# second "recce" soon.



## tackle (Mar 9, 2010)

hi all, i came to cyprus last year for a mixed holiday/recce of the island, spending my first week in coral bay & my second week in larnaca.
loved the island but as a brit i found any contact with property agents usually ended with me being steered towards the typical "little britain" communities such as peyia & oriklini........while i have nothing against these areas or the people living there i detest estate type living where every house looks similar & is an arms length from your neighbour (prob because i grew up on a london council estate).
the kind of places im interested in would be a bit more remote, maybe with a some land for a possible business venture (not property developement).
if anybody can recommend any good agents who deal in these kind of properties, preferably viewable on line i would be very grateful, my last visit was wonderful but i cant help feeling i wasted time with pushy agents who were just keen to make a sale,even though it was not suitable for my needs.
i just returned from a similar trip to the usa, property prices were amazing but pace of life made me appreciate cyprus that much more:fish2:.
many thanks ...............mark


----------



## Veronica (Apr 5, 2008)

tackle said:


> hi all, i came to cyprus last year for a mixed holiday/recce of the island, spending my first week in coral bay & my second week in larnaca.
> loved the island but as a brit i found any contact with property agents usually ended with me being steered towards the typical "little britain" communities such as peyia & oriklini........while i have nothing against these areas or the people living there i detest estate type living where every house looks similar & is an arms length from your neighbour (prob because i grew up on a london council estate).
> the kind of places im interested in would be a bit more remote, maybe with a some land for a possible business venture (not property developement).
> if anybody can recommend any good agents who deal in these kind of properties, preferably viewable on line i would be very grateful, my last visit was wonderful but i cant help feeling i wasted time with pushy agents who were just keen to make a sale,even though it was not suitable for my needs.
> ...


Hi Mark, unfortunately too many agents are only interested in showing clients properties where there is the most commssion for them. All that does in the end is alienate the clients who will walk away. They can't see that giving the client what they want is far more rewarding than putting people into properties where they are not going to be happy. You cannot fit a square peg into a round and get a comfortable fit. 
How much land do you need in order to run the business you have in mind? 
This could make a big difference as there are not that many properties with lots of land and those that do have land tend to be fairly expensive.
You will probably need to be in one to the villages in the foothills.

Kind regards

Veronica


----------



## voltron (Aug 19, 2010)

I have often been met with the reactions "you want a second hand house?"... The concept of buying old and period features is lost on most cypriots.. the whole of nicosia old town is full of beautiful old stone houses from the 17-1800s but are inhabited mainly by ladies of the night and cheap forgin workers... BUT they are not cheap to buy either fo forget that one lol... 

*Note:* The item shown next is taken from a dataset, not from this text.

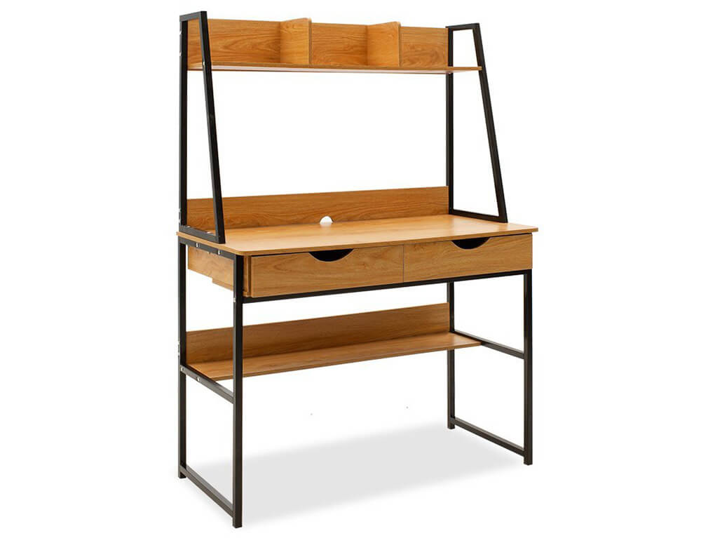 Γραφείο Ryan pakoworld με ραφιέρα και συρτάρια-MDF χρώμα κερασί oak-μαύρο 100 x 48 x 138εκ
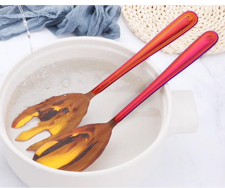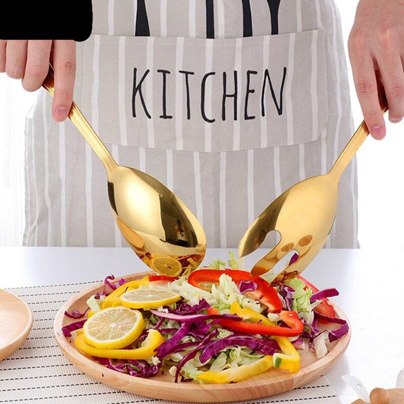 Our 2-Piece Salad Spoon serving spoon and fork set can be used separately to serve a variety of foods on the table as well. Made of 18/8 stainless steel that guarantees your health, is durable enough for basic daily use, is rust-resistant, and durable for years to come. Shiny metallic appearance with mirror polish and vivid color, don't worry about the PVD color fading or peeling off.

I dont even bother with agents anymore its the same old story.. buy a new house with a communal pools... just not interested.

I have decided to just wait. The property prices are crazy now.. just looks at what you would get 5 years ago compared to now it has got stupid and im not going to get a quater or half of a million mortgage out no matter what!

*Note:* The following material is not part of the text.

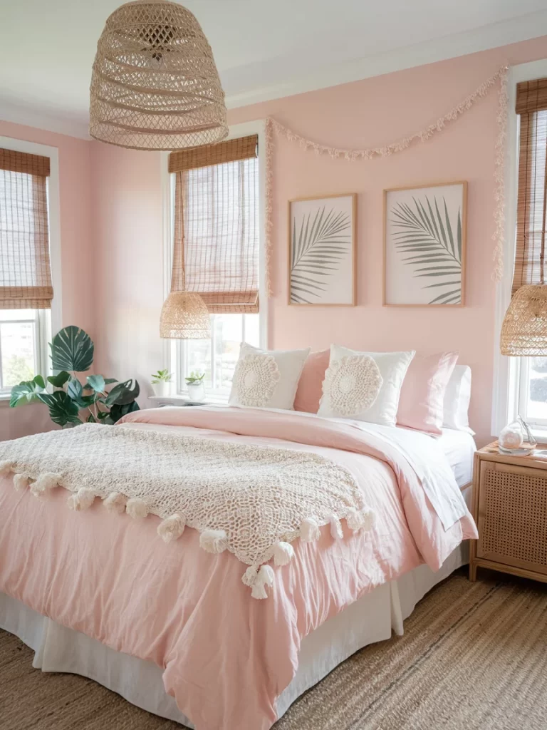 This ultra-feminine bedroom uses blush pink as the dominant color, paired with natural textures like bamboo blinds and palm prints. The crocheted throw and tasseled garland add handmade boho touches.

Maybe prices wont drop but if the pound recovers it will be much easer to part with the cash than now..


----------



## Veronica (Apr 5, 2008)

Most Cypriots want new and they tend to want very large houses for small house budgets. We have got to the point where we are reluctant to work with Cypriots as they mess you about far too much.
Nicosia is a totally different ball game to the coastal towns and anything that happens there does not reflect what goes on elsewhere.

As far a prices go, although when you look at prices they don't seem to have dropped much many vendors of resale properties will take offers well below the asking price. We have had clients making offers €100k below asking price on €500k houses and having the offer accepted.
If you can find a vendor who is desperate to sell there are bargains to be had.


----------



## JonandGaynor (Jun 8, 2009)

Have you thought about buying a plot of land and building yourself, as at least that way you would have the area of land you requier and as most 'affordable' plots are away from the coastal strips and in the villages you won't get that hemmed in feeling of living on a large estate.
As far as building yourself is concerened, there are plenty of traditional build and timber frame construction companies around looking for work and as you would have a major input in the design so you would get exactly what you want.
Only draw back is that with architectual designs, planning permission, building permit etc its very time consuming, your contactor would do the paper work so if time is not of particular importance this may be the way to go.


----------



## Veronica (Apr 5, 2008)

JonandGaynor said:


> Have you thought about buying a plot of land and building yourself, as at least that way you would have the area of land you requier and as most 'affordable' plots are away from the coastal strips and in the villages you won't get that hemmed in feeling of living on a large estate.
> As far as building yourself is concerened, there are plenty of traditional build and timber frame construction companies around looking for work and as you would have a major input in the design so you would get exactly what you want.
> Only draw back is that with architectual designs, planning permission, building permit etc its very time consuming, your contactor would do the paper work so if time is not of particular importance this may be the way to go.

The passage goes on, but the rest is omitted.